MOSAIC is a tool for modelling multiway admixture using dense genotype data.
See 2019 paper in Genetics for details.

Given a set of potentially admixed haplotypes (targets) and multiple labelled sets of potentially related haplotypes (panels),
MOSAIC will infer the most recent admixture events occurring in the targets in terms of the panels.

It is not necessary that any of the panels are a good surrogate for the unseen mixing populations as MOSAIC will infer parameters controlling:
1. The stochastic relationship between panels and ancestral populations.
2. Timings and ancestry proportions of the admixture events.
3. Recombination rates before and after admixture.
4. Mutation / error rates for the haplotype copying.

Phasing improvements in light of the admixture model are performed and local ancestry along the genome is estimated.


Click to download an R Package version 1.3, README.txt, and command line interface mosaic.R.

Or you can clone from the git repository that includes these and the source code.

Please read the manual MOSAIC.pdf for details on running the code, illustrated with an simulation example.

Example data in a folder can used tried here: example data.

Some potentially useful conversion tools include convert_from_haps.R to convert shapeit2 output haps files to the format required by MOSAIC and convert_to_haps.R to convert back again.

Human Genome Diversity Panel

A browser of MOSAIC results on an extended version of the Human Genome Diversity Panel demonstrates the flexibility of our approach.
Click on the map below to open an interactive Google Maps interface to the results.

It's worth pointing out here that each population is modelled as a MOSAIC of all others; thus admixture is characterised in terms of how these particular 95 populations are stochastically related, based only on the individuals in these samples.

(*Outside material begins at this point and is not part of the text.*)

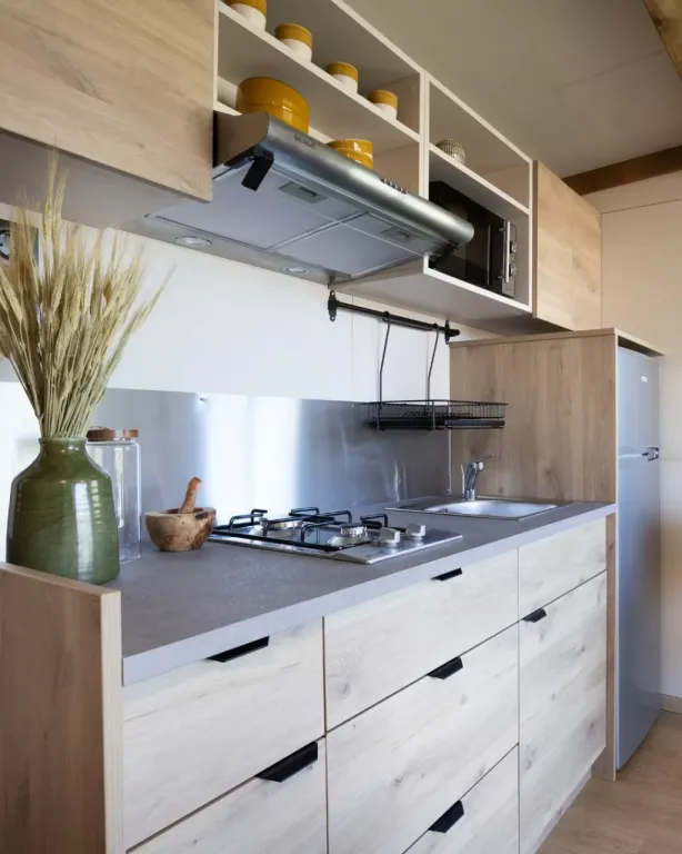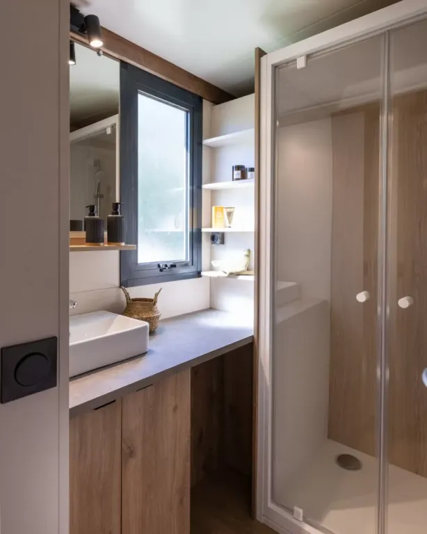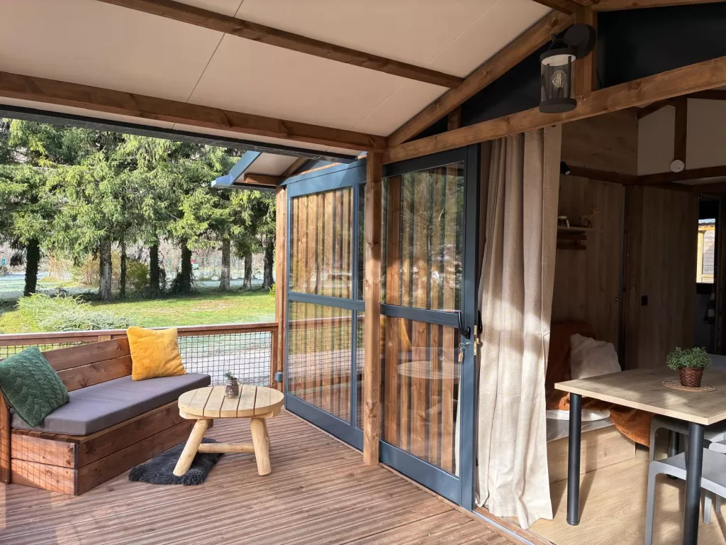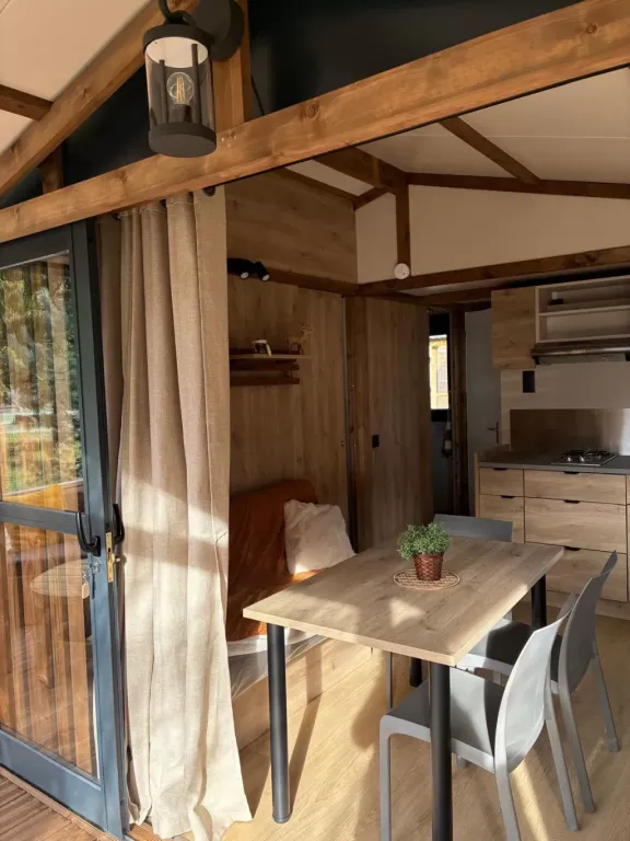 Eco-Lodge Confort : un hébergement chaleureux, lumineux et parfaitement pensé pour les familles jusqu'à 5 personnes.

Thus the mantra that absence of evidence is not evidence of absence holds true: in those cases where we do not return a clear admixture model, we are simply saying that the small number of individuals in such a "population" are not well characterised as admixed with respect to the other small samples of individuals. Had we observed data on more individuals in more populations we may well expect to find evidence of admixture.